**Task item**
I'd like an exact copy of only the lines from the start of the listing below through the line that holds "На полунощнице в". Please keep the pictures out.

**Records shown**
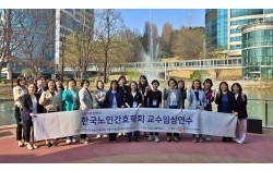 한국노인간호학회 교수 임상연수회에 참석한 학회 소속 교수들이 웨어러블 로봇 윔(WIM) 체험 후 기념촬영을 하고 있다. 앞줄 왼쪽에서 다섯 번째는 조은희 한국노인간호학회장(연세대학교 간호대학 교수). (사진 제공=위로보틱스) 웨어러블 로봇 글로벌 리딩기업…
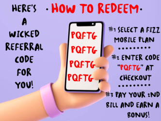 Here's my referral 👉 ****PQFTG**** 👈 I signed up with Fizz using one of the codes listed, so feel free to use mine! ****PQFTG**** to get the best mobile and internet plans :) 👍
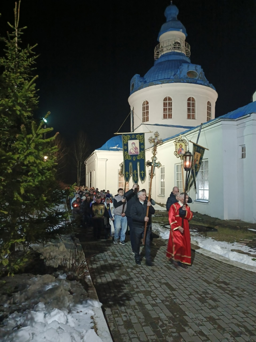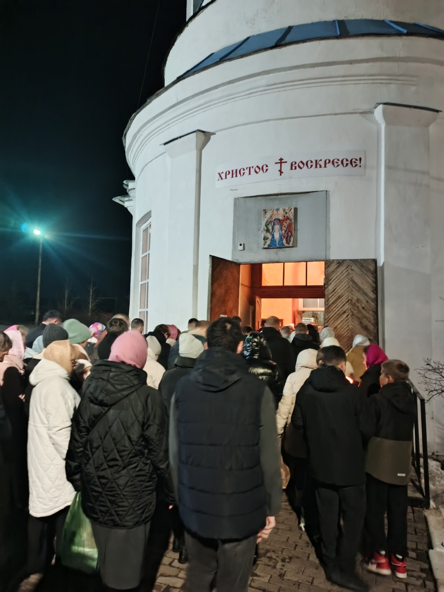 На полунощнице в алтарь была занесена Плащаница Господа и в начале Пасхальной утрени состоялся крестный ход вокруг храма, в завершении которого перед закрытыми дверями впервые прозвучало Пасхальное приветствие «Христос Воскресе!».
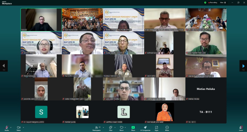 Direktorat Jenderal Kekayaan Intelektual (DJKI) Kementerian Hukum menghadiri Rapat Dengar Pendapat Umum (RDPU) dengan Dewan Perwakilan Daerah Republik Indonesia (DPD RI) secara daring melalui Zoom Meeting. Rapat ini digelar sebagai tindak lanjut aduan Badan Eksekutif Mahasiswa (BEM) Fakultas Sastra, Budaya, dan Komunikasi Universitas Ahmad Dahlan (UAD) terkait penarikan royalti oleh Lembaga Manajemen Kolektif Nasional (LMKN) pada acara Connectica Fest, yang merupakan luaran akademik dari mata kuliah Event Management dan bersifat pendidikan, bukan komersial.
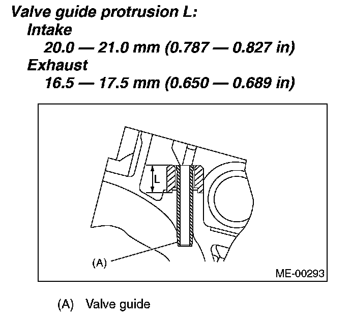 Valve guide inner diameter: 6.000 - 6.012 mm (0.2362 - 0.2367 inch)
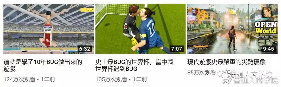 《這就是學了10年BUG做出來的遊戲》,播放量124.5万,点赞2.1万,评论1126《史上最BUG的世界杯,當中國世界杯遇到BUG》,播放量105.9万,点赞1.3万,评论814《現代遊戲史最嚴重的災難現象》,播放量85.9万,点赞9626,评论1777
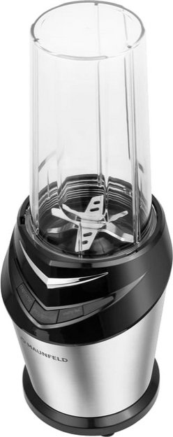 Стационарный блендер Maunfeld позволяет готовить смузи, коктейли, смешивать соусы и заправки, измельчать продукты до состояния пюре и многое другое. Его конструкция подразумевает автономную работу — вам нужно только положить овощи или фрукты и выбрать режим. Корпус сделан в основном из металла, что повышает надежность прибора. Он может как влиться в общую гамму интерьера, так и стать ярким акцентом; доминирующий цвет — нержавеющая сталь. Благодаря специальным нескользящим ножкам блендер сохраняет устойчивость даже на высоких оборотах.
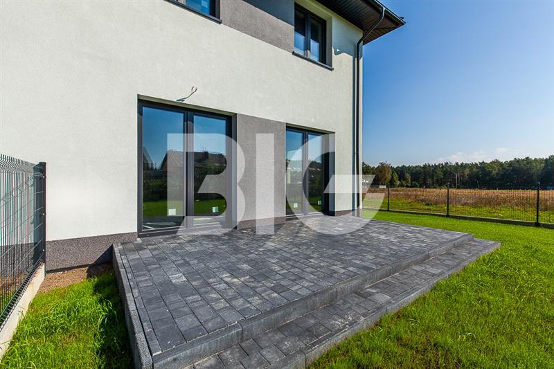 Nowy dom w zabudowie bliźniaczej położony w Baninie. Dom w stanie deweloperskim, nowoczesny i funkcjonalny projekt.
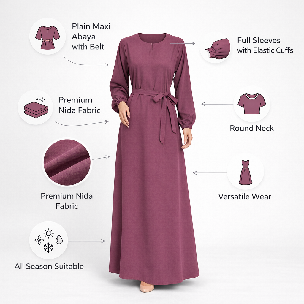 • Elegant Maxi Design: Plain abaya with a modern mauve color for a classy and modest look

**Solution for this task**
 한국노인간호학회 교수 임상연수회에 참석한 학회 소속 교수들이 웨어러블 로봇 윔(WIM) 체험 후 기념촬영을 하고 있다. 앞줄 왼쪽에서 다섯 번째는 조은희 한국노인간호학회장(연세대학교 간호대학 교수). (사진 제공=위로보틱스) 웨어러블 로봇 글로벌 리딩기업…
 Here's my referral 👉 ****PQFTG**** 👈 I signed up with Fizz using one of the codes listed, so feel free to use mine! ****PQFTG**** to get the best mobile and internet plans :) 👍
 На полунощнице в алтарь была занесена Плащаница Господа и в начале Пасхальной утрени состоялся крестный ход вокруг храма, в завершении которого перед закрытыми дверями впервые прозвучало Пасхальное приветствие «Христос Воскресе!».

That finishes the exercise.